=== Data excerpts ===

_ _ _

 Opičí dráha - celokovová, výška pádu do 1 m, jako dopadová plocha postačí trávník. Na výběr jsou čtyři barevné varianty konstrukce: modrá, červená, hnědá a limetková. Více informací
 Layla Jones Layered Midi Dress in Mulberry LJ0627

_ _ _

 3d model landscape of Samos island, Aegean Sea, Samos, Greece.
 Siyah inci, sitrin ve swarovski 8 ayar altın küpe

_ _ _

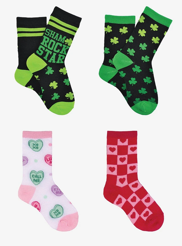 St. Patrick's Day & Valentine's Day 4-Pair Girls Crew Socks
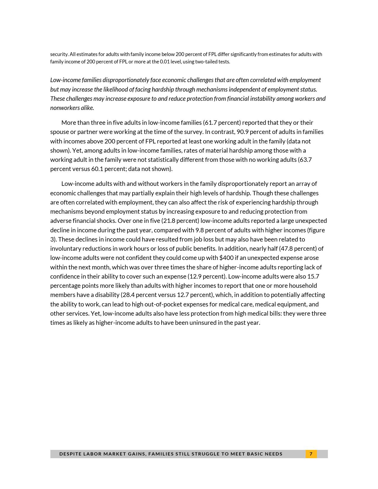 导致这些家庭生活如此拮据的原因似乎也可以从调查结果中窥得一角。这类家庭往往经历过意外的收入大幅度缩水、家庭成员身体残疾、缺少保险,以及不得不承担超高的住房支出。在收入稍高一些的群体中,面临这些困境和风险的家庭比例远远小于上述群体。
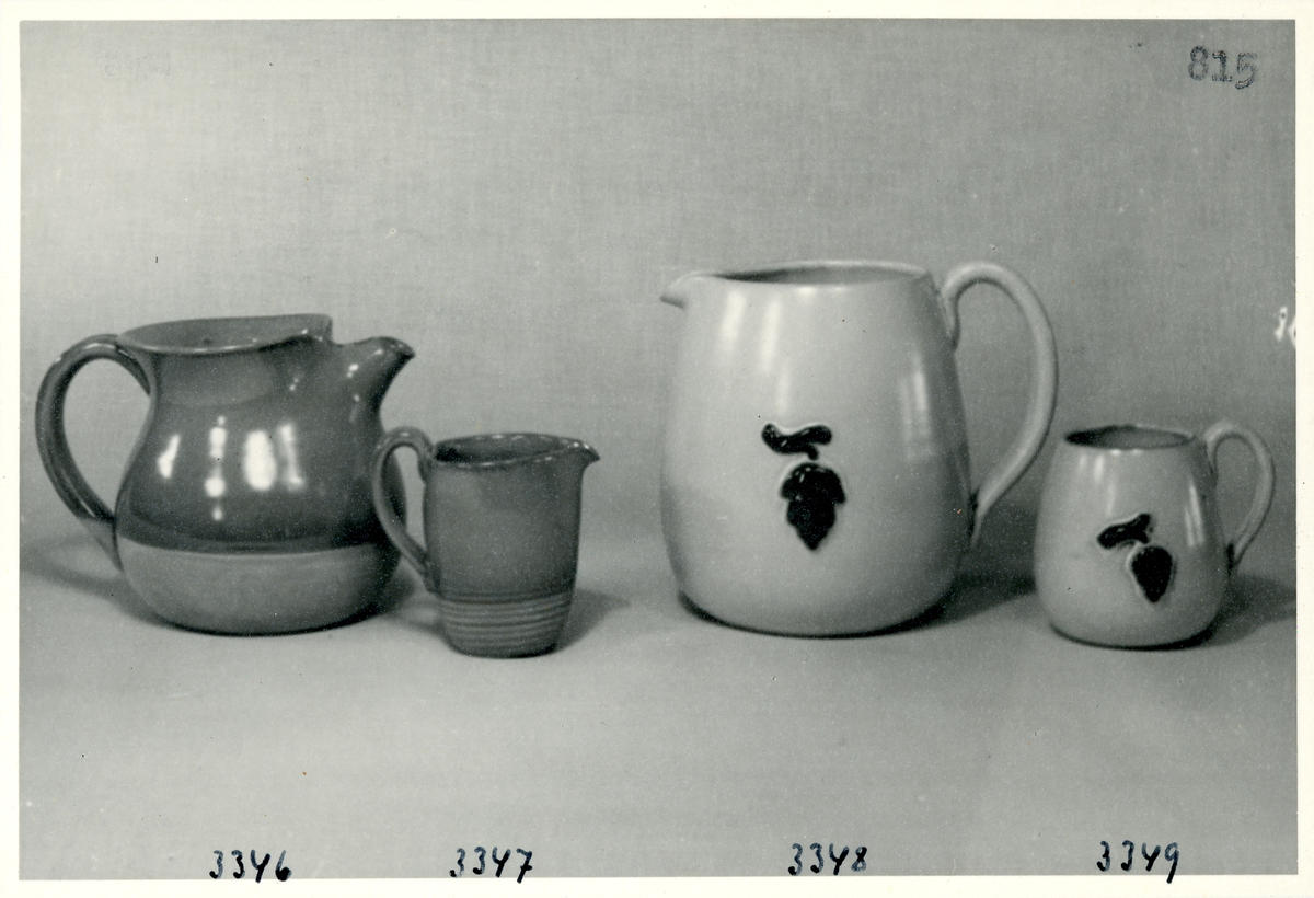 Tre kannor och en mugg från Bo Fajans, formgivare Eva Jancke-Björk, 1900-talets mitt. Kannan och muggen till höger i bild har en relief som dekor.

_ _ _

=== Required action ===
Starting at the line containing "St. Patrick's Day" and stopping at the line containing "Tre kannor och", output each line exactly as it appears above. Leave out the pictures.

=== Solution for this exercise ===
 St. Patrick's Day & Valentine's Day 4-Pair Girls Crew Socks
 导致这些家庭生活如此拮据的原因似乎也可以从调查结果中窥得一角。这类家庭往往经历过意外的收入大幅度缩水、家庭成员身体残疾、缺少保险,以及不得不承担超高的住房支出。在收入稍高一些的群体中,面临这些困境和风险的家庭比例远远小于上述群体。
 Tre kannor och en mugg från Bo Fajans, formgivare Eva Jancke-Björk, 1900-talets mitt. Kannan och muggen till höger i bild har en relief som dekor.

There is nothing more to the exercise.